▶ _Provided data_:
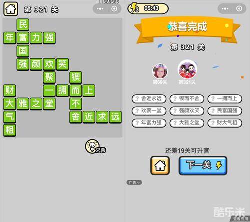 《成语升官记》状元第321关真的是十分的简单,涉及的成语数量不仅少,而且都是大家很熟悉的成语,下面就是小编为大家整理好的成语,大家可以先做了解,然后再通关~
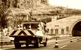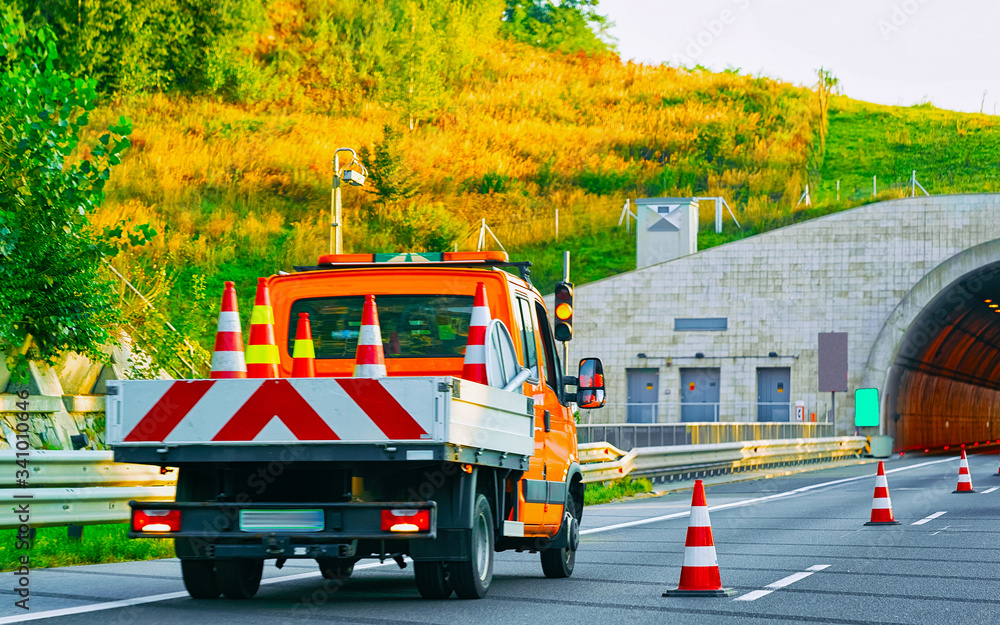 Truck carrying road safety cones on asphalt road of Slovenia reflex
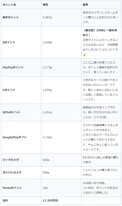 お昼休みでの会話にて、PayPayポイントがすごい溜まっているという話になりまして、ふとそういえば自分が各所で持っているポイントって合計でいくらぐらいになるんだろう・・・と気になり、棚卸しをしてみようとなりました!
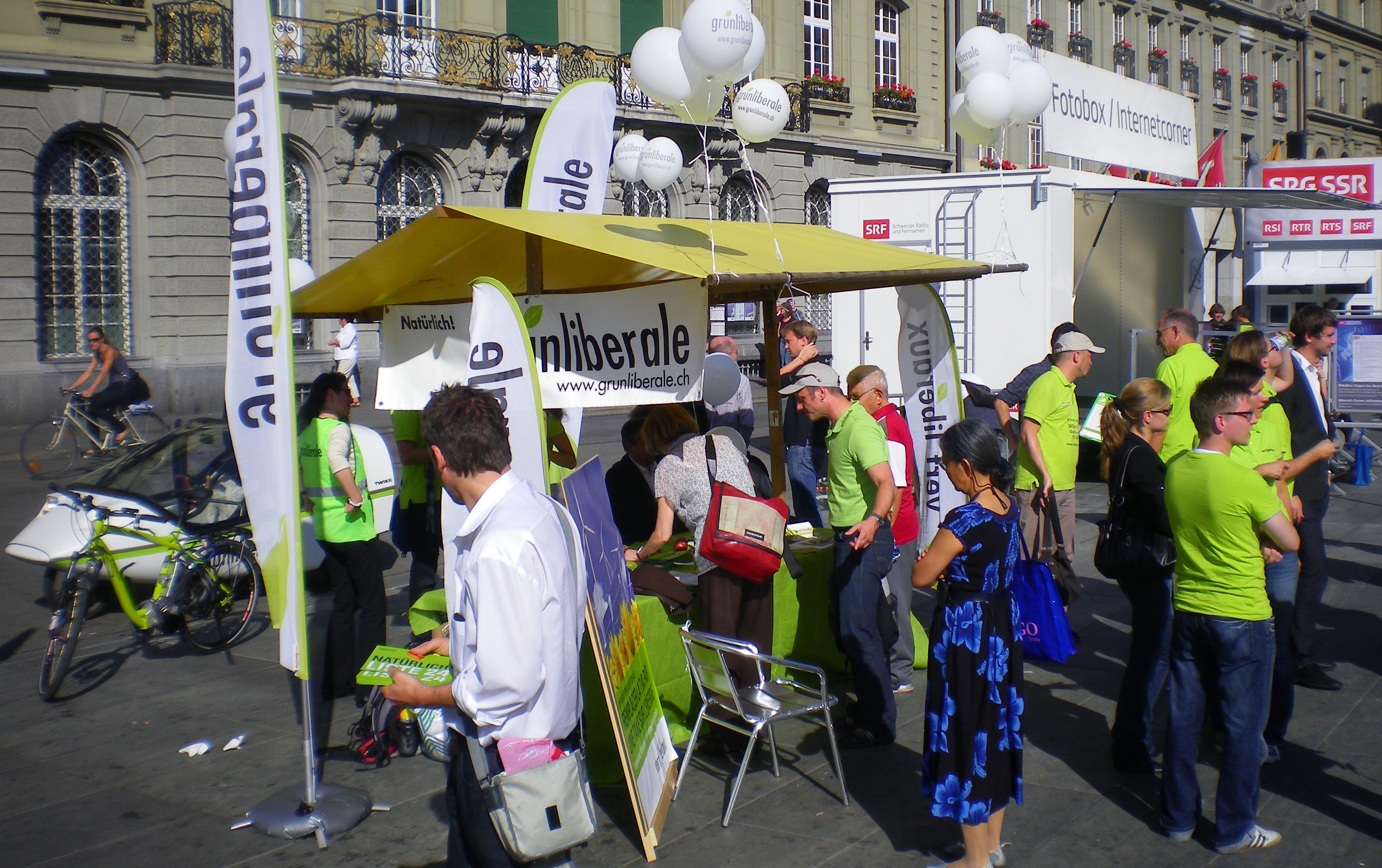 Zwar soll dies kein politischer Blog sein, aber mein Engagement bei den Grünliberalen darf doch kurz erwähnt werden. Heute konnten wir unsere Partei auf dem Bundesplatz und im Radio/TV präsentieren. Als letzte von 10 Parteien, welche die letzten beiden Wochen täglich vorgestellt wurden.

▶ _Requirement_:
Restate, line by line and word for word, everything from the top of the material through the line that contains "お昼休みでの会話にて、Pay". Leave pictures out.

▶ _Result_:
 《成语升官记》状元第321关真的是十分的简单,涉及的成语数量不仅少,而且都是大家很熟悉的成语,下面就是小编为大家整理好的成语,大家可以先做了解,然后再通关~
 Truck carrying road safety cones on asphalt road of Slovenia reflex
 お昼休みでの会話にて、PayPayポイントがすごい溜まっているという話になりまして、ふとそういえば自分が各所で持っているポイントって合計でいくらぐらいになるんだろう・・・と気になり、棚卸しをしてみようとなりました!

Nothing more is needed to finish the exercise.